(Extracted records)
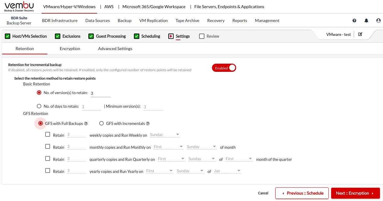 Vembu BDR Backup Server marks the GFS flag against the Additional full or Synthetic full backups or incremental backups.
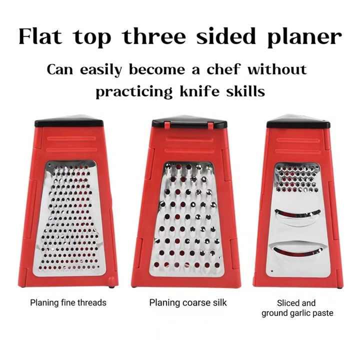 Wholesale Flat Three Side Kitchen Collapsible Stainless Steel Cheese Grater, Multi-functional Slicer Slicer
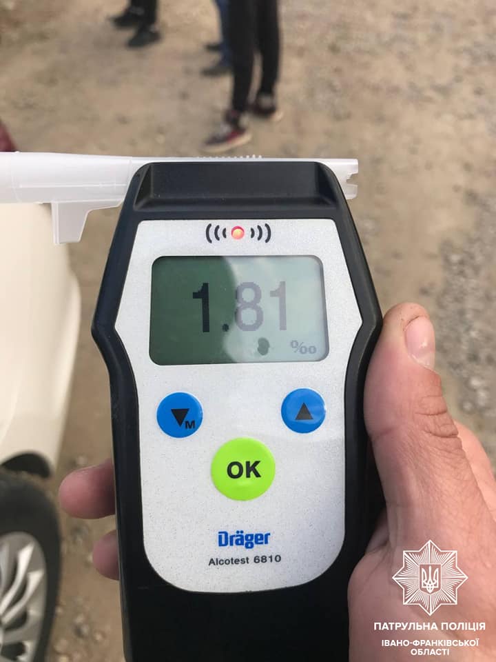 У керманича патрульні під час спілкування помітили ознаки алкогольного сп’яніння. Водій погодився пройти освідчення на стан сп’яніння. Результат 1.81 проміле алкоголю в крові.
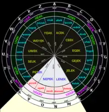 - Zone radiale entre R et L (roue matricielle), la zone qui s’étend de R à L dans le sens dextrorsum, c’est-à-dire la majeure partie du disque.
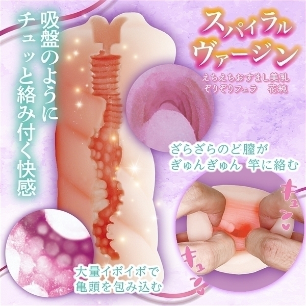 甘酸っぱい魅惑の初体験をイメージした青春オナホール「スパイラルヴァージン」。花純は最近バイト先で気になっていた黒髪美人の後輩。そんな彼女が掛け持ちしていたのは、たまたま入ったちょっぴりえっちなお店ほんのりピンクのぷっくりとした艶やかな唇が、貴方を迎えてくれます。中は、波打つぞりぞりとした入口と、ぴちぴちとした壁がきゅんと締まるのどマン構造。ランダムにある大き目の突起が、通るたびに裏筋へ快感を与えます。
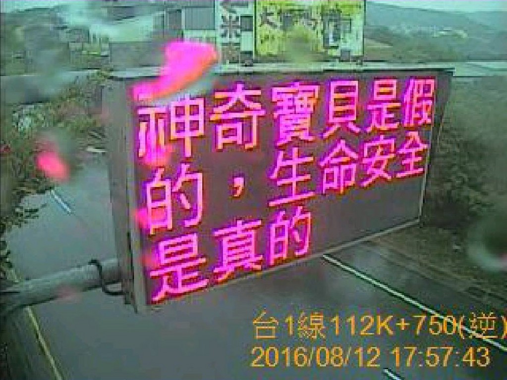 有網友發現,在台一線苗栗後龍段的CMS資訊顯示看板上,都打出了「神奇寶貝是假的,生命安全是真的」的字樣,《ETtoday》實際透過省道即時交通資訊網查詢,苗栗縣境內包括台3線、台61線、台72線的資訊看板都顯示相同訊息,不但令人會心一笑,也感嘆一個遊戲的力量竟如此強大。

▶ **Exercise directions**
An exact copy of the lines from the one with "У керманича патрульні" through the end of the records: produce that and nothing more, leaving out the pictures.

▶ **Output of the task**
 У керманича патрульні під час спілкування помітили ознаки алкогольного сп’яніння. Водій погодився пройти освідчення на стан сп’яніння. Результат 1.81 проміле алкоголю в крові.
 - Zone radiale entre R et L (roue matricielle), la zone qui s’étend de R à L dans le sens dextrorsum, c’est-à-dire la majeure partie du disque.
 甘酸っぱい魅惑の初体験をイメージした青春オナホール「スパイラルヴァージン」。花純は最近バイト先で気になっていた黒髪美人の後輩。そんな彼女が掛け持ちしていたのは、たまたま入ったちょっぴりえっちなお店ほんのりピンクのぷっくりとした艶やかな唇が、貴方を迎えてくれます。中は、波打つぞりぞりとした入口と、ぴちぴちとした壁がきゅんと締まるのどマン構造。ランダムにある大き目の突起が、通るたびに裏筋へ快感を与えます。
 有網友發現,在台一線苗栗後龍段的CMS資訊顯示看板上,都打出了「神奇寶貝是假的,生命安全是真的」的字樣,《ETtoday》實際透過省道即時交通資訊網查詢,苗栗縣境內包括台3線、台61線、台72線的資訊看板都顯示相同訊息,不但令人會心一笑,也感嘆一個遊戲的力量竟如此強大。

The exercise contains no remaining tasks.